The variant (as) sure as God made (little) green apples is of American-English origin. These are, in chronological order, the earliest occurrences that I have found:
1-: From the Buffalo Evening News (Buffalo, New York) of Friday 27th January 1893:
Rochester, Jan. 27.—Monroe county’s new District Attorney had no sooner taken his seat than he announced his intention of following up every coal baron in that county if somebody would only make a complaint. He said at that time “I have one of them within my reach and will yank him here as surely as God made green apples.” True to his promise, he has yanked.
2-: From an article about the overproduction of prunes in Oregon, published in the Morning Oregonian (Portland, Oregon) of Saturday 5th December 1903:
“What would I do if I had 100 cartloads?” [responded?] Ed Lang, of Lang & Co. “Sir, I wouldn’t have 100 cartloads; no, nor 50 cartloads, and if I had ten cartloads, I’d get rid of them. The Willamette Valley Association will carry over a large stock [illegible] as sure as God made green apples.”
3-: From the account of a meeting of the citizens of Tampa, which adopted a resolution calling on legislators to pass the bill annexing to the city of Tampa the town of Fort Brooke—account published in the Tampa Morning Tribune (Tampa, Florida) of Saturday 18th May 1907:
ROUSING MEETING FOR GREATER TAMPA HELD LAST NIGHT IN THE COURT HOUSE; 500 IN ATTENDANCE
DR. GOLDSTEIN DECLARES TAMPA WILL BE GREAT “AS SURE AS GOD MADE GREEN APPLES.”
In the same issue of the Tampa Morning Tribune, Dr. Goldstein was quoted as declaring:
I believe that Tampa will be a great city, just as surely as I know that God made green apples.
4-: From The Tacoma Daily Ledger (Tacoma, Washington) of Friday 20th March 1908:
In the big seventh precinct of the Fourth ward—that newly annexed part of the city which in the primary election went so overwhelmingly republican and so solidly for Judge John W. Linck—as enthusiastic a rally was held last night by the republican candidates as ever took place in Tacoma.
A significant feature of the meeting was an able, unexpected address by George Russell, old line democrat, a former supporter of Mayor Wright and the city hall ring, urging the election of Judge Linck as mayor. […]
“I believe Judge Linck will be elected our mayor for the next four, not two years,” Mr. Russell asserted. “I hope you will all get out and vote and work for him. I voted for Wright four years ago; two years ago I was on my little old horse ranch across the mountains and could not vote. I will probably vote for Bryan this fall. But in this campaign politics ought not to be of much consequence. Linck ought to be mayor. And as sure as God made little green apples grow, he will be mayor. I voted wrong before and I see it. But I’m going to vote right this time. (Voice: “And there are lots of others with you.”)

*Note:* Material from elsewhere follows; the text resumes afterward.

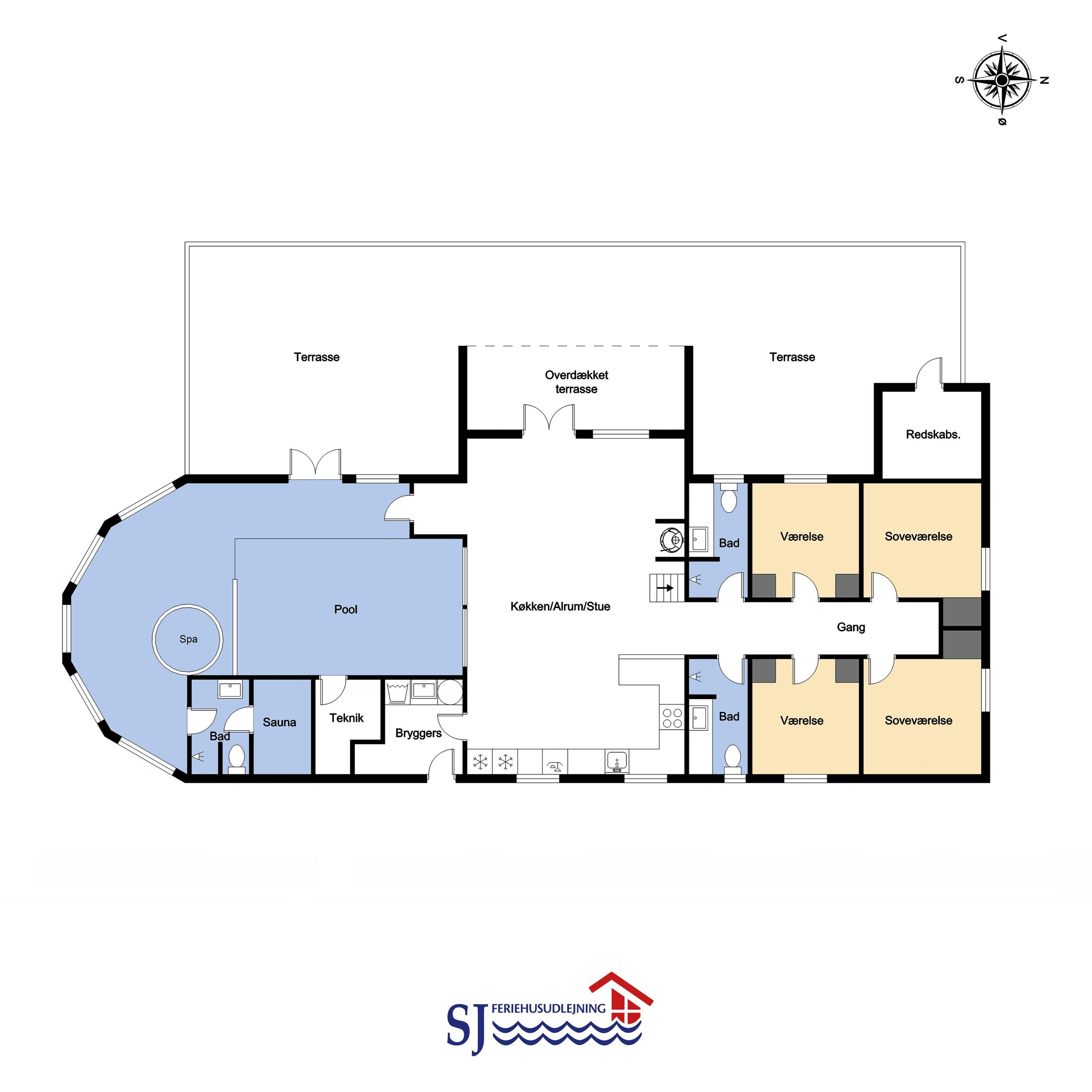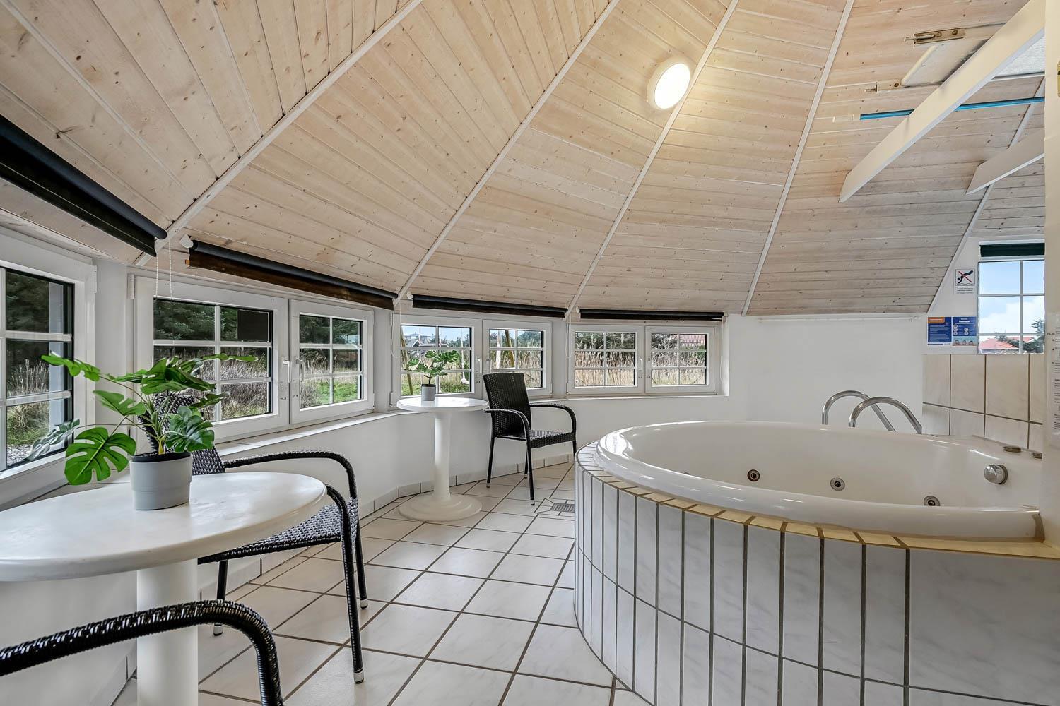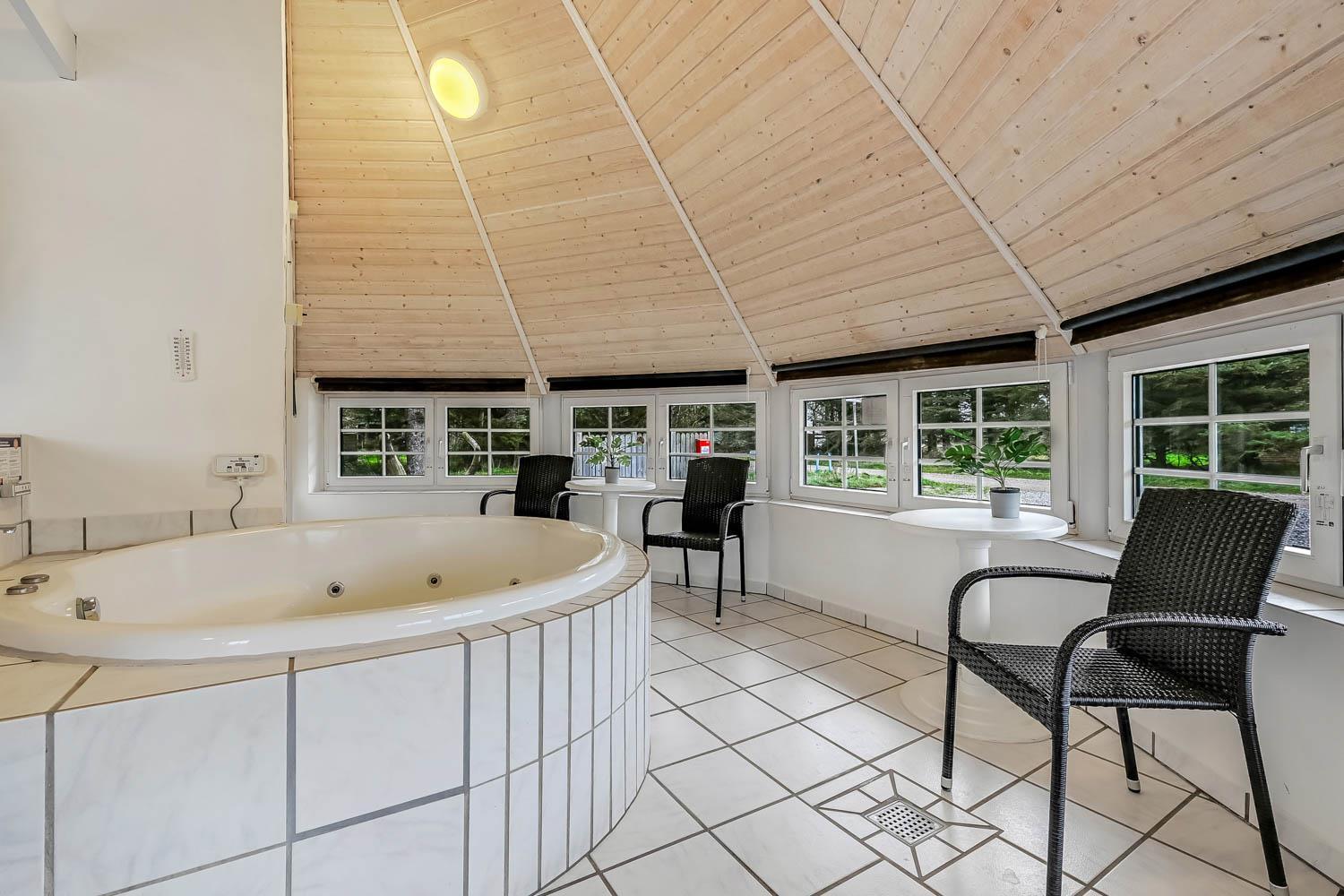 Das Haus ist 165 qm groß und verfügt über 4 schöne Schlafzimmer (1x Doppelbett, 1x Doppelbett, 2x Einzelbetten und 4x Stockbett), sowie einen Dachboden mit 2 Schlafplätzen zur Begeisterung vieler Kinder und Kinderseelen. Im Herzen des Hauses befindet sich eine gut ausgestattete Wohnküche mit schrägen Decken und Sprossenfenstern, die zur gemütlichen Urlaubsatmosphäre beitragen. Hier ist alles in weißer Ware; Herd mit Cerankochfeld, Dunstabzugshaube, Geschirrspüler, Mikrowelle, großer amerikanischer Kühlschrank mit Gefrierfach und sogar ein Weinkühlschrank. Genießen Sie das Essen am Esstisch oder entspannen Sie in den bequemen Möbeln. Fernseher im Wohnzimmer mit dänischen und deutschen Sendern und der Möglichkeit, Chromecast zu verwenden. Es gibt extra TV und DVD auf dem Dachboden, wo Sie Ihr eigenes kleines Kino machen können. Sollte es zu kalt werden oder die Atmosphäre aufflammen, zünden Sie einfach den Holzofen des Hauses an, wo Sie die Flammen und die intensive Wärme genießen können. Im Wohn- und Küchenbereich gibt es Fliesenböden mit Fußbodenheizung und Teppiche in den Schlafzimmern. Der Wellness-Poolbereich des Hauses umfasst neben Pool, Whirlpool und Sauna auch 3 Bäder, mit WC, Dusche, Waschbecken und Fußbodenheizung. Im Poolbereich gibt es eine Luft zu Wasser Wärmepumpe. Waschmaschine und Trockner sind selbstverständlich und befinden sich im Eingangsbereich des Hauses. Vom Wohnzimmer aus hat man Zugang zur großen und teilweise überdachten und eingezäunten Terrasse des Hauses. Auf der Terrasse gibt es Gartenmöbel, Sonnenschirm, Sandkasten, Rutsche, Tisch-/Bankgarnitur für die Kleinen etc. Im Haus befindet sich ein Kinderbett, das für die Kleinen hochgeklappt werden kann. Das Haus ist ein "Nichtraucherhaus". Max. 2 Haustiere sind erlaubt. Im Haus ist eine Wärmepumpe installiert, wodurch Sie als Gast viel Strom sparen können - die Wärmepumpe liefert bis zu 4-mal so viel Strom wie sie verbraucht. Das Haus wird nicht an Jugendgruppen vermietet. Wenn Sie ein Elektroauto oder einen Plug-In-Hybrid besitzen, verfügt das Haus über 3 Ladesteckdosen mit Kraftsteckdose, die Lade Box liegt nördlich auf dem Hausgiebel. Kaution: Wintersaison EUR 400,- / Sommersaison EUR 300,-.

5-: From The Argos Reflector (Argos, Indiana) of Thursday 18th February 1909:
Incorrigible at Eleven
The Starke County Republican records the fact that Sheriff Doyle of Starke county took Lee Straley aged 11, the incorrigible son of Louis Straley and wife of Round Lake to the Boy’s Reformatory at Plainfield last week. The court was asked (presumably by the parents) to sentence him in the hope that he might be made to see the error of his ways. Webster says that incorrigible means one who is incapable of being corrected or a hardened criminal. Fancy a boy of eleven years who those words could be spoken of. Does this story redound any credit to the parents? Almost as sure as God made little green apples this young man will graduate from Plainfield some day into the Jeffersonville Reformatory in much the same manner as the big majority of Reformed “hardened criminals” from Plainfield do.